Reading has begun construction on a wetland water storage system in the Maillet, Sommes and Morgan conservation land. (Photo courtesy Horsley Witten Group)

In collaboration with regional partners, the town of Reading has embarked on a project to reduce the effects of precipitation-based flooding from the Aberjona River, a Mystic River tributary, by constructing a stormwater wetland storage system, essentially a series of storage pools.

The headwaters of the river begin in Reading and flow through multiple municipalities before draining into Boston Harbor. The waters pass through the Maillet, Sommes and Morgan conservation land in the town, where the system is being built.

Reading is using a $2.1 million Municipal Vulnerability Preparedness Action Grant to fund the project. (Reading received its MVP Community designation in 2020.) The project also received $75,000 from the Reading American Rescue Plan Act Committee and the Select Board. The project is expected to be completed next June.

“When this project was introduced, we looked at several sites, and this site was large enough, had the watershed, and had access to the river,” said Reading Conservation Administrator Charles Tirone. “The site chosen needed to receive water during rain storms to take out a certain amount of rainwater and keep it out of the storm system to help [mitigate] downstream flooding.”

The stormwater wetland storage system will capture stormwater in seven constructed pools, some as deep as 10 feet, in order to divert it from local roadways and culverts during high rain events and protect downstream communities. The system is designed to help alleviate flooding when storms drop up to 10 inches of precipitation in a single day.

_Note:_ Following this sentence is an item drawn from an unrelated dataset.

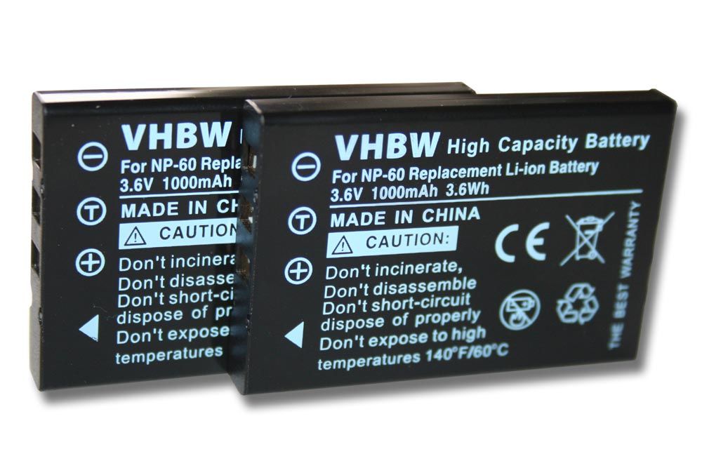 vhbw 2x Batterie compatible avec Medion P47005, MD85961, MD86093, MD85733, MD86064, MD86279, MD88188, MD86461 appareil photo (1000mAh, 3,6V, Li-ion)

The system will also help to filter pollutants and debris from the captured stormwater before it rejoins the river.

Tirone said “co-benefits” of the project include the removal of invasive species, improved water quality, improved ADA accessibility, and public access and improvement of the trail network.

The effort is part of a larger partnership with the Mystic River Watershed Association and Resilient Mystic Collaborative and the 20 other communities included in the watershed to address climate-related stormwater and flooding concerns.

Using a Municipal Vulnerability Preparedness Action Grant, Resilient Mystic Collaborative investigated 465 possible locations for stormwater storage, and the Reading site was deemed a top-three location, along with sites in Lexington and Woburn.

“We need to start looking forward and make our communities resilient in the face of a changing climate,” Tirone said. “With the flooding happening downstream in these communities, they are eager to get involved to address this issue.

“If a lot of communities do this then the storage capacity will be very helpful. We hope that this helps them.”